Content starts

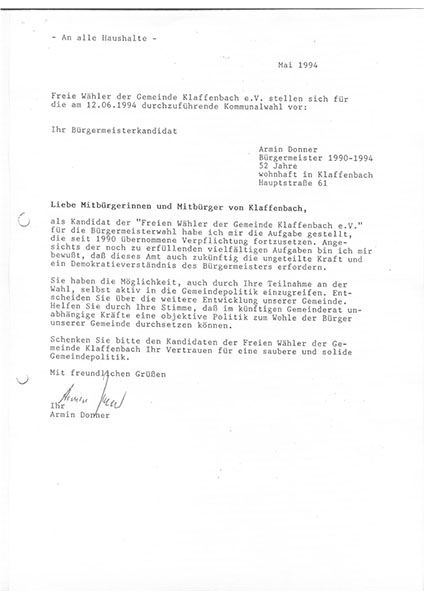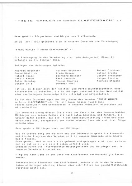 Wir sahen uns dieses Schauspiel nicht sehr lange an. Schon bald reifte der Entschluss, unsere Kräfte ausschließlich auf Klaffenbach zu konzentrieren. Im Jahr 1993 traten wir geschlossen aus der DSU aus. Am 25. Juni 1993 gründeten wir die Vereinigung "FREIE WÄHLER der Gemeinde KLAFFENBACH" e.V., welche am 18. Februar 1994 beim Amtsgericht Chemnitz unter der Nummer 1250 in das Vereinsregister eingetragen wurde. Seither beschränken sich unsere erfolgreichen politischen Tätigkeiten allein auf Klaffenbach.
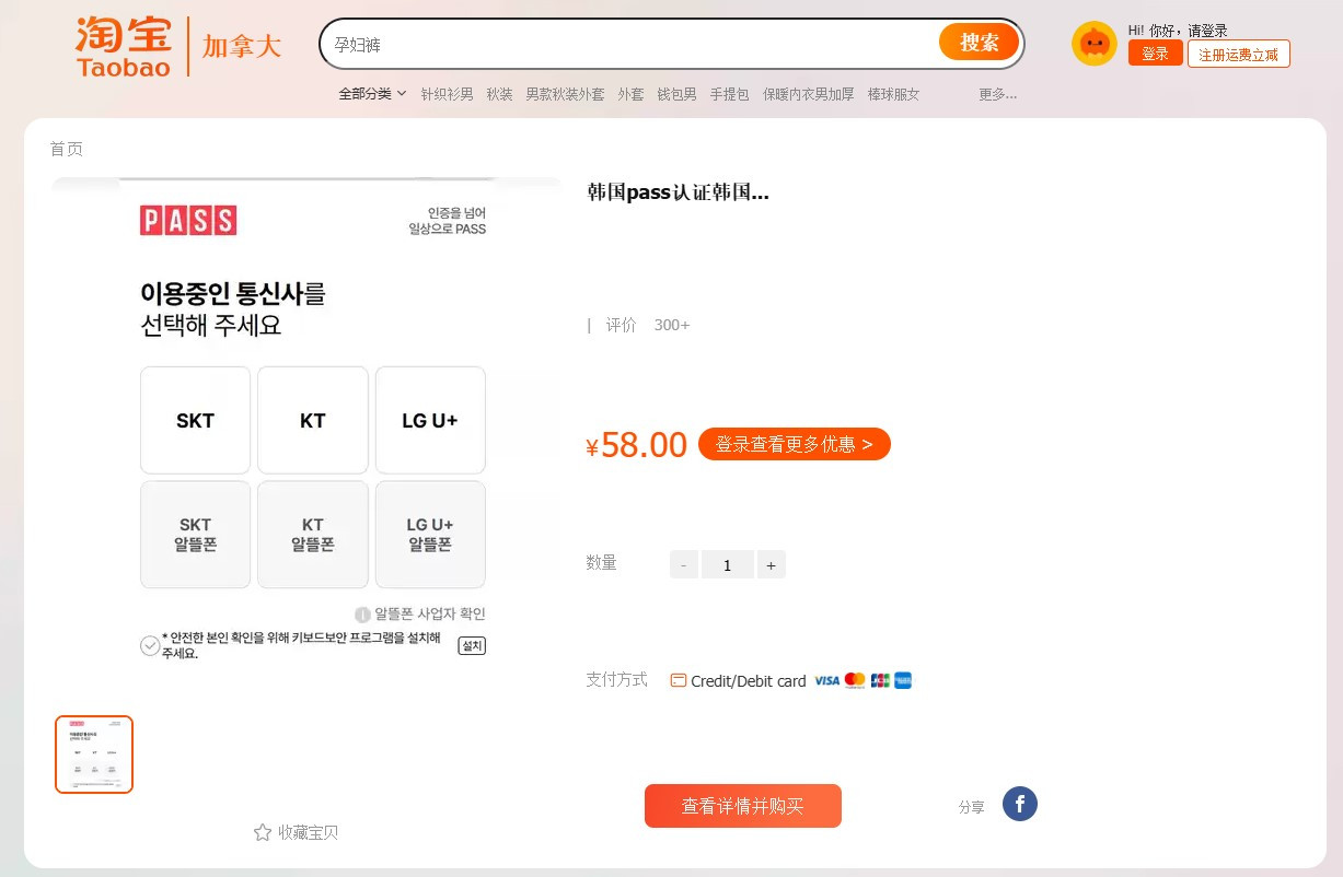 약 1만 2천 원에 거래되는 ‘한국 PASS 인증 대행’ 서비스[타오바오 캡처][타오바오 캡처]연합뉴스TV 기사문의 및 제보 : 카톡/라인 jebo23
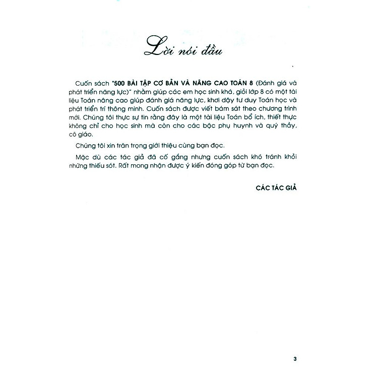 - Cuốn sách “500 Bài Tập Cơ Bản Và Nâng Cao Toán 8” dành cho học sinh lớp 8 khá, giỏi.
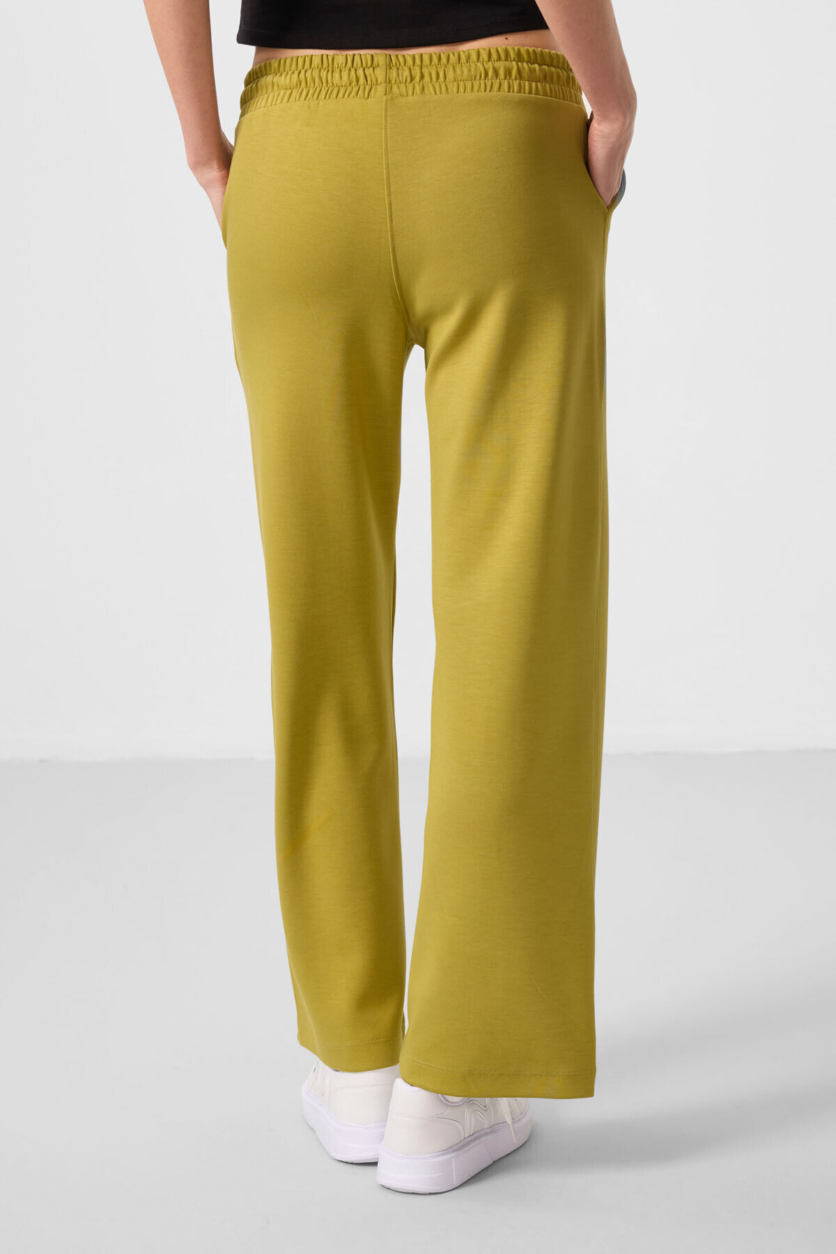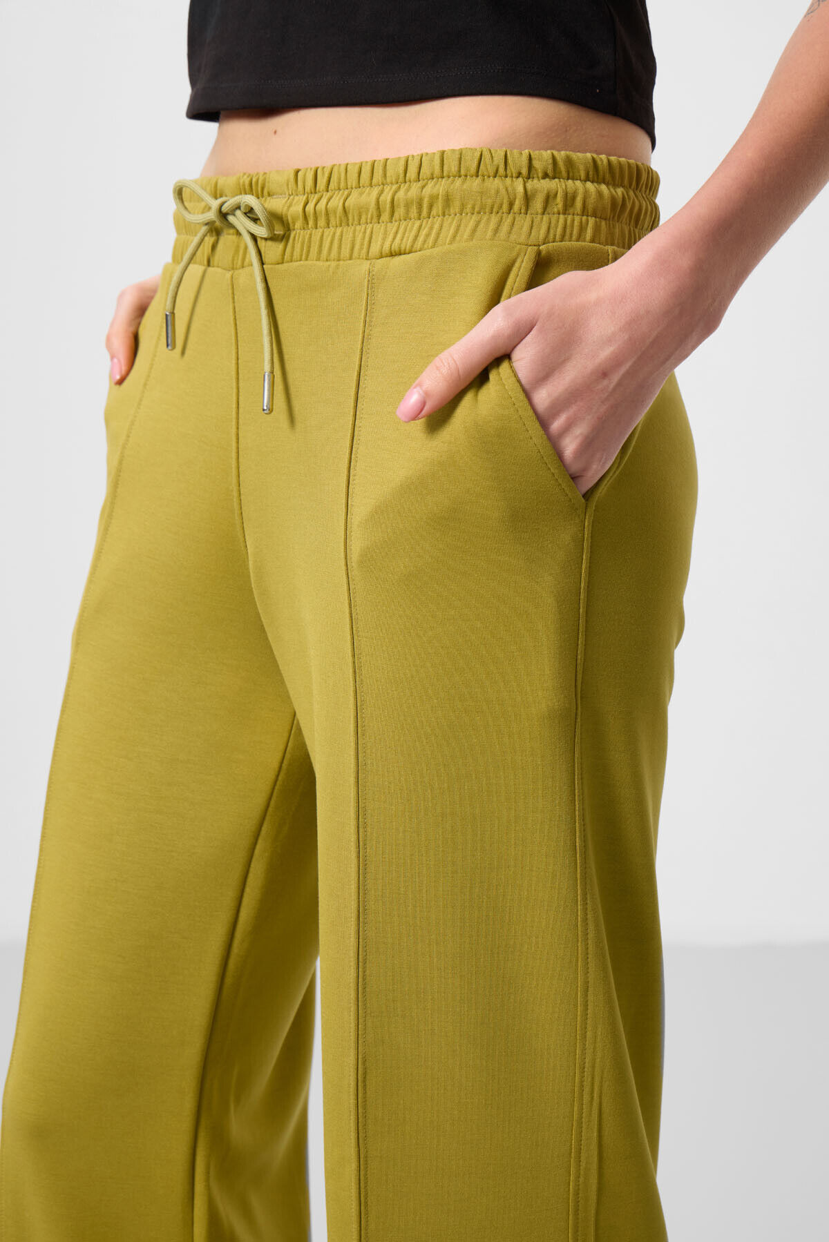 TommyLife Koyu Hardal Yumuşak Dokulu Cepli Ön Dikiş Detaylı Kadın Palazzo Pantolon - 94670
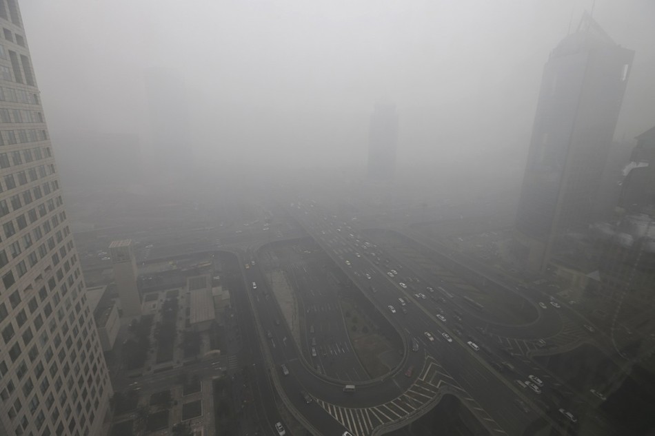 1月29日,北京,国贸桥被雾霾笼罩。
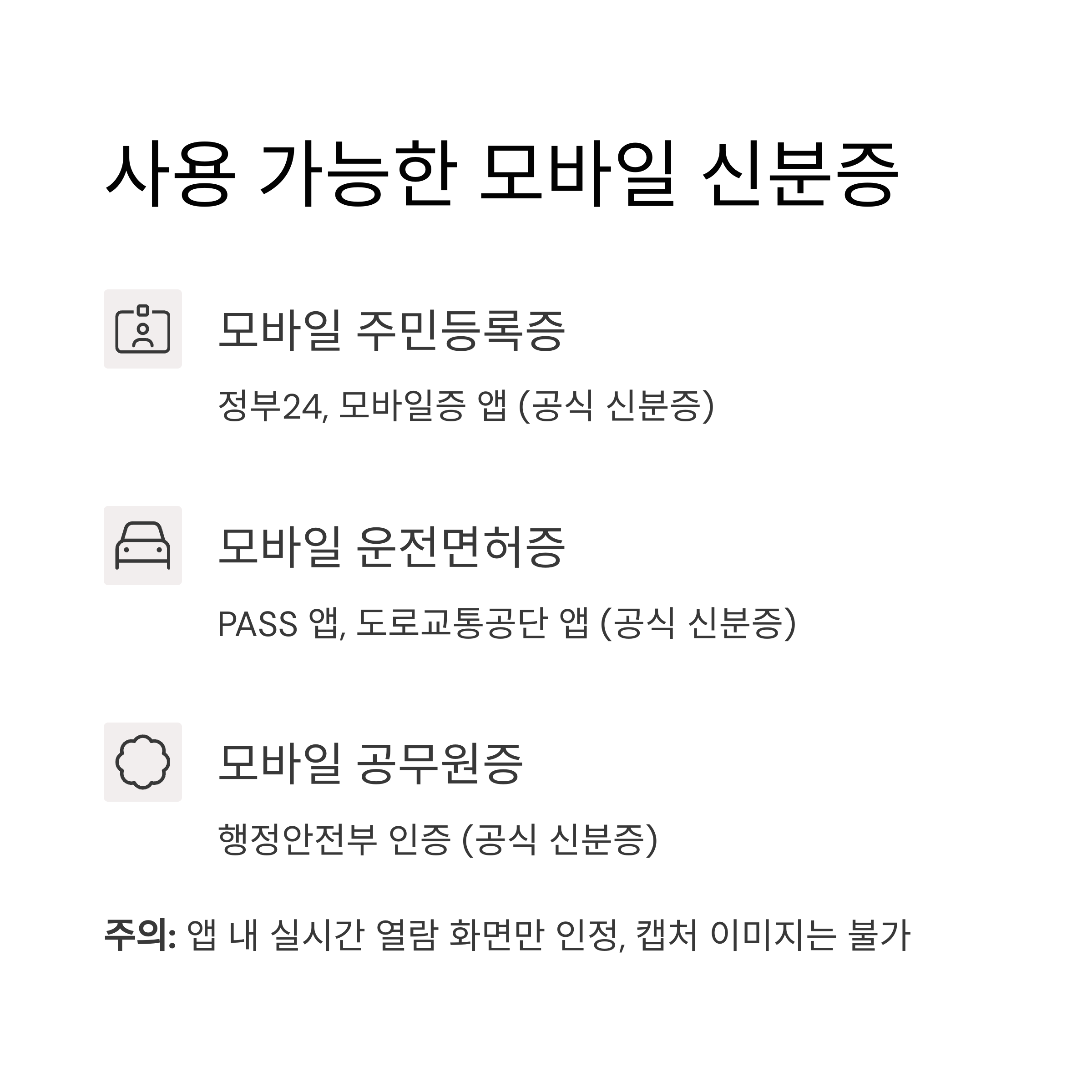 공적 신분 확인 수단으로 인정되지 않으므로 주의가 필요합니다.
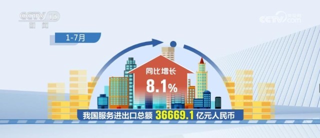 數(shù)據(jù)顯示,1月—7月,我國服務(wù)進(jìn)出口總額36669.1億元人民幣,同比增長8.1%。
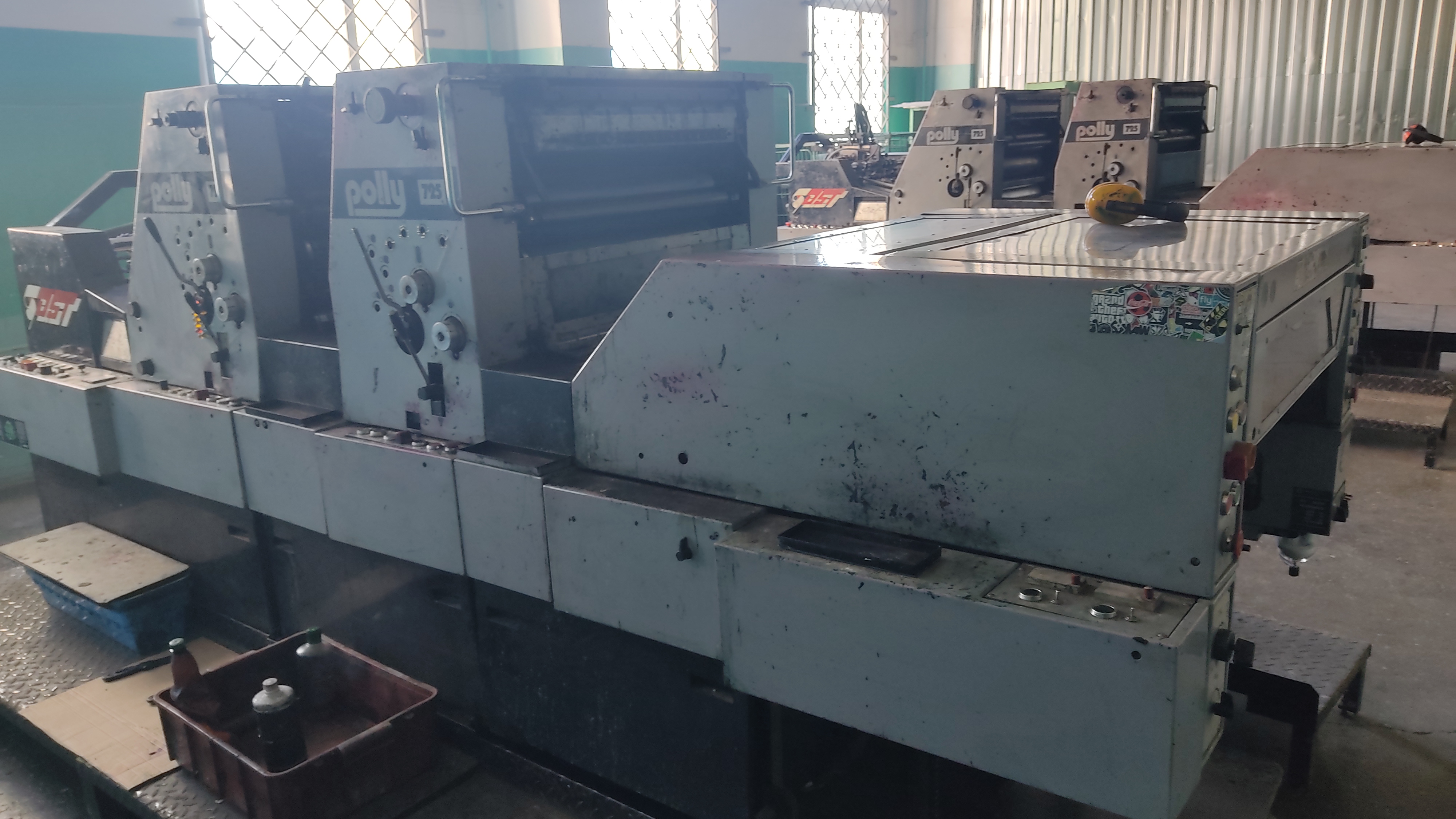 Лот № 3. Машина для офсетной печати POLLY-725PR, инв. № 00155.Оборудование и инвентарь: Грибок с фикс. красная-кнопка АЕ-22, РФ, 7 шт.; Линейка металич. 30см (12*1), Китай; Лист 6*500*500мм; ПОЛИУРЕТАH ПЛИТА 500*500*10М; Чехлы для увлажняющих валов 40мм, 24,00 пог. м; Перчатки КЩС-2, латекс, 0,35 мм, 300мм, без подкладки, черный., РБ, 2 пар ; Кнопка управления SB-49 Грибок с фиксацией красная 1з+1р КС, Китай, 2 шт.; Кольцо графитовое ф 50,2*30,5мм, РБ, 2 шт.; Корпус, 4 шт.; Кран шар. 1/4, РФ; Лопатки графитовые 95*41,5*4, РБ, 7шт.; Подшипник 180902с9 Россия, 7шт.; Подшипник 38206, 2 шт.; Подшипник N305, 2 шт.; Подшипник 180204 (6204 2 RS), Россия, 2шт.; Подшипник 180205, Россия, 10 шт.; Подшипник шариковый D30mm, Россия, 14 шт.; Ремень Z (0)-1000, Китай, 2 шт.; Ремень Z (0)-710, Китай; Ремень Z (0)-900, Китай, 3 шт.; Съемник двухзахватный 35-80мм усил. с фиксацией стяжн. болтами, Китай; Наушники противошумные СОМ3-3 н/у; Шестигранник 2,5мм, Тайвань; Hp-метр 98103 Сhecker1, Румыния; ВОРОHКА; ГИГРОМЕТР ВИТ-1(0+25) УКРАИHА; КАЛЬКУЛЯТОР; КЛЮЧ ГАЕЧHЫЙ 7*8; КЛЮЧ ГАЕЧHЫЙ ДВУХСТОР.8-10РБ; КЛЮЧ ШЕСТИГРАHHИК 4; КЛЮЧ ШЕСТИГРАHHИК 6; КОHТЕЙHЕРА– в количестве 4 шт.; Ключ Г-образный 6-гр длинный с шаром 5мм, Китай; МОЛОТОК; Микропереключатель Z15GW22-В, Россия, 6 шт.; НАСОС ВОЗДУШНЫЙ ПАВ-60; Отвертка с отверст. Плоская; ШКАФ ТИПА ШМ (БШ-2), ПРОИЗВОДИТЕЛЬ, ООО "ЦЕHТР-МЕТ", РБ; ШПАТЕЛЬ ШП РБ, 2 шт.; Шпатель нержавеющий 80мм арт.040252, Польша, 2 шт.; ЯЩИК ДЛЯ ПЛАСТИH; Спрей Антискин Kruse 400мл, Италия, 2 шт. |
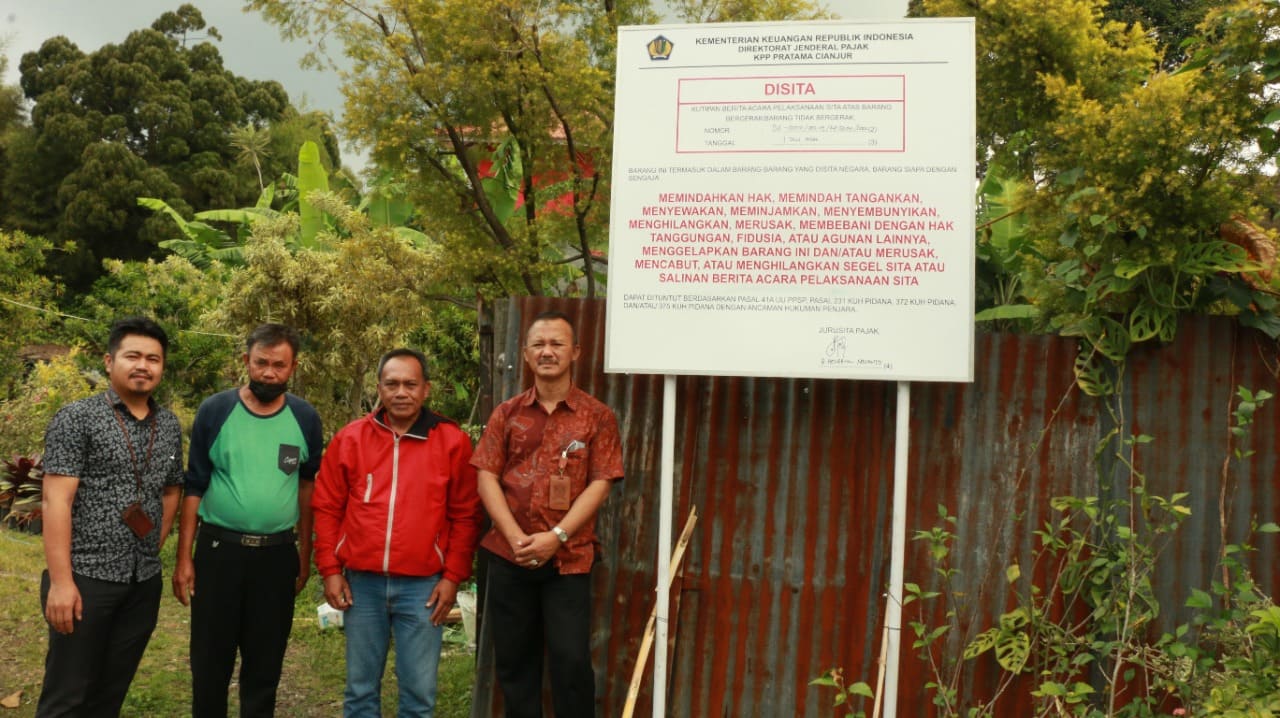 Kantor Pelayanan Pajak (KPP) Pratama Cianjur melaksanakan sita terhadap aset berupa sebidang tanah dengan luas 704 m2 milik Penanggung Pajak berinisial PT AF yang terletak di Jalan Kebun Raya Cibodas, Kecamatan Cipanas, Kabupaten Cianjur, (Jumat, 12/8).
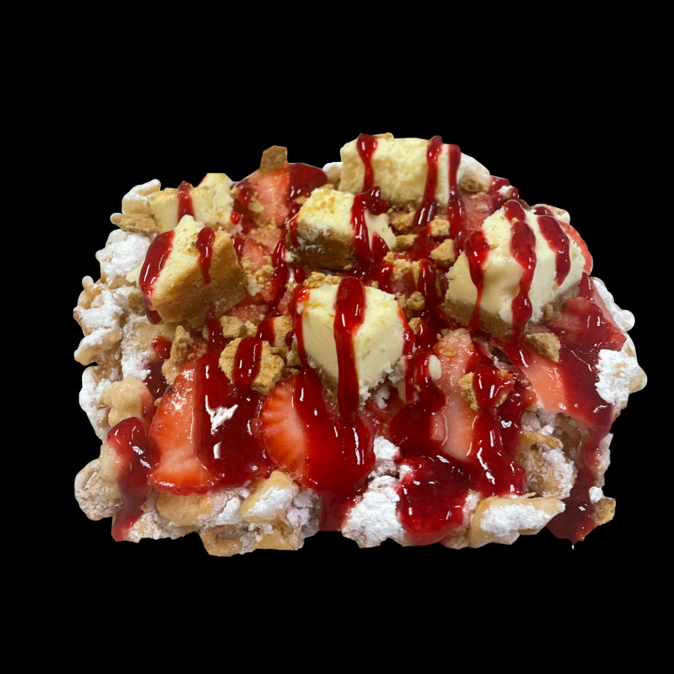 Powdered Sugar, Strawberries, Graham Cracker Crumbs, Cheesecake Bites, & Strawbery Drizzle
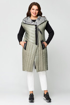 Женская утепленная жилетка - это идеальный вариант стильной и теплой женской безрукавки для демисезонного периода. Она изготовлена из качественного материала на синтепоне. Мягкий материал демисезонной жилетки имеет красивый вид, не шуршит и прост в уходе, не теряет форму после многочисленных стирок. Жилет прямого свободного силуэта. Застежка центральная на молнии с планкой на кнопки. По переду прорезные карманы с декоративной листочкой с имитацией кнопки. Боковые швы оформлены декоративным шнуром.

Content ends

Starting at the line containing "TommyLife Koyu Hardal" and stopping at the line containing "Лот № 3. Машина", output each line exactly as it appears above. Leave out the pictures.

» Answer section:
 TommyLife Koyu Hardal Yumuşak Dokulu Cepli Ön Dikiş Detaylı Kadın Palazzo Pantolon - 94670
 1月29日,北京,国贸桥被雾霾笼罩。
 공적 신분 확인 수단으로 인정되지 않으므로 주의가 필요합니다.
 數(shù)據(jù)顯示,1月—7月,我國服務(wù)進(jìn)出口總額36669.1億元人民幣,同比增長8.1%。
 Лот № 3. Машина для офсетной печати POLLY-725PR, инв. № 00155.Оборудование и инвентарь: Грибок с фикс. красная-кнопка АЕ-22, РФ, 7 шт.; Линейка металич. 30см (12*1), Китай; Лист 6*500*500мм; ПОЛИУРЕТАH ПЛИТА 500*500*10М; Чехлы для увлажняющих валов 40мм, 24,00 пог. м; Перчатки КЩС-2, латекс, 0,35 мм, 300мм, без подкладки, черный., РБ, 2 пар ; Кнопка управления SB-49 Грибок с фиксацией красная 1з+1р КС, Китай, 2 шт.; Кольцо графитовое ф 50,2*30,5мм, РБ, 2 шт.; Корпус, 4 шт.; Кран шар. 1/4, РФ; Лопатки графитовые 95*41,5*4, РБ, 7шт.; Подшипник 180902с9 Россия, 7шт.; Подшипник 38206, 2 шт.; Подшипник N305, 2 шт.; Подшипник 180204 (6204 2 RS), Россия, 2шт.; Подшипник 180205, Россия, 10 шт.; Подшипник шариковый D30mm, Россия, 14 шт.; Ремень Z (0)-1000, Китай, 2 шт.; Ремень Z (0)-710, Китай; Ремень Z (0)-900, Китай, 3 шт.; Съемник двухзахватный 35-80мм усил. с фиксацией стяжн. болтами, Китай; Наушники противошумные СОМ3-3 н/у; Шестигранник 2,5мм, Тайвань; Hp-метр 98103 Сhecker1, Румыния; ВОРОHКА; ГИГРОМЕТР ВИТ-1(0+25) УКРАИHА; КАЛЬКУЛЯТОР; КЛЮЧ ГАЕЧHЫЙ 7*8; КЛЮЧ ГАЕЧHЫЙ ДВУХСТОР.8-10РБ; КЛЮЧ ШЕСТИГРАHHИК 4; КЛЮЧ ШЕСТИГРАHHИК 6; КОHТЕЙHЕРА– в количестве 4 шт.; Ключ Г-образный 6-гр длинный с шаром 5мм, Китай; МОЛОТОК; Микропереключатель Z15GW22-В, Россия, 6 шт.; НАСОС ВОЗДУШНЫЙ ПАВ-60; Отвертка с отверст. Плоская; ШКАФ ТИПА ШМ (БШ-2), ПРОИЗВОДИТЕЛЬ, ООО "ЦЕHТР-МЕТ", РБ; ШПАТЕЛЬ ШП РБ, 2 шт.; Шпатель нержавеющий 80мм арт.040252, Польша, 2 шт.; ЯЩИК ДЛЯ ПЛАСТИH; Спрей Антискин Kruse 400мл, Италия, 2 шт. |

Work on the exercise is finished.